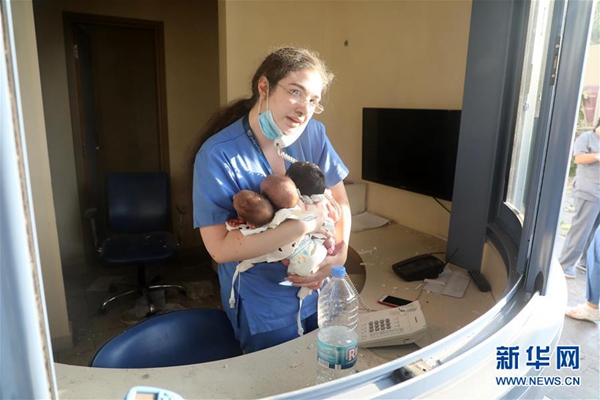 8月4日,在黎巴嫩首都貝魯特,一名護士在受損的醫(yī)院內照料三名嬰兒。新華社發(fā)(比拉爾·賈維希攝)
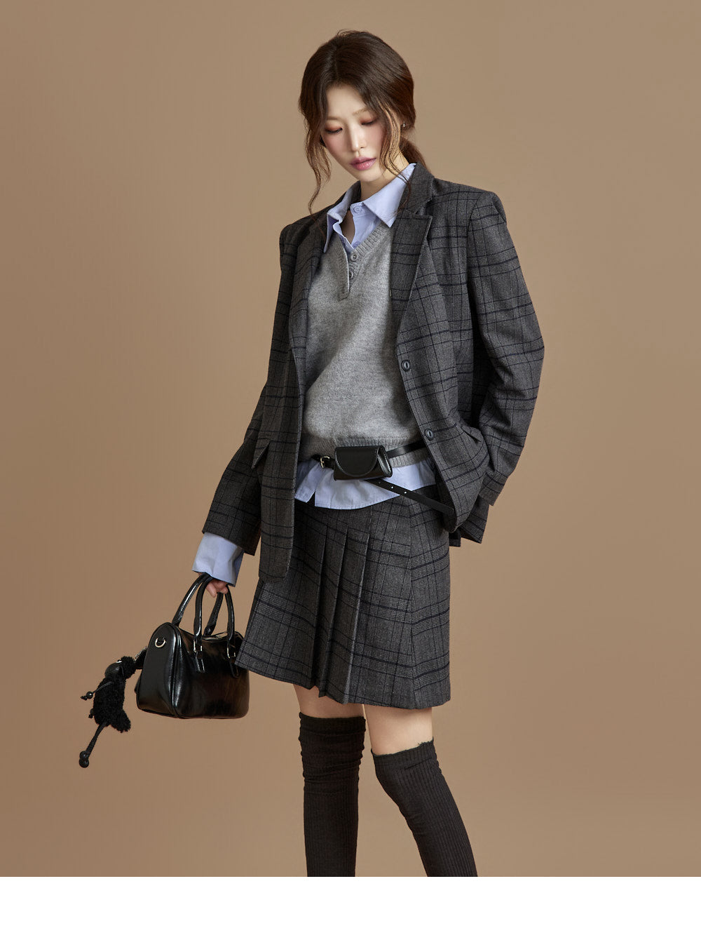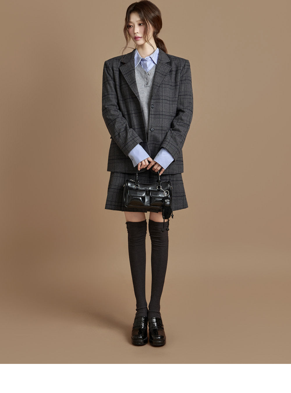 The 171cm model is wearing a size ONE jacket and a size S skirt,
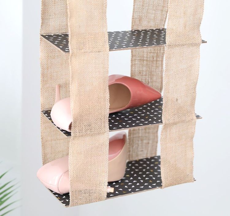 A couple of 12-inch cardboard squares lay the groundwork for a shoe organizer you can hang from the back of a closet door or in an entryway. The cardboard provides the structure, and decorative paper and burlap edging add rustic flair. Get the full tutorial here.

★ ★ ★ ★ ★ ★ ★

### ASSIGNED TASK:
Without any pictures, reproduce the lines from the first one in the material through the line that has "The 171cm model", exactly as they appear.

### EXERCISE OUTPUT:
 8月4日,在黎巴嫩首都貝魯特,一名護士在受損的醫(yī)院內照料三名嬰兒。新華社發(fā)(比拉爾·賈維希攝)
 The 171cm model is wearing a size ONE jacket and a size S skirt,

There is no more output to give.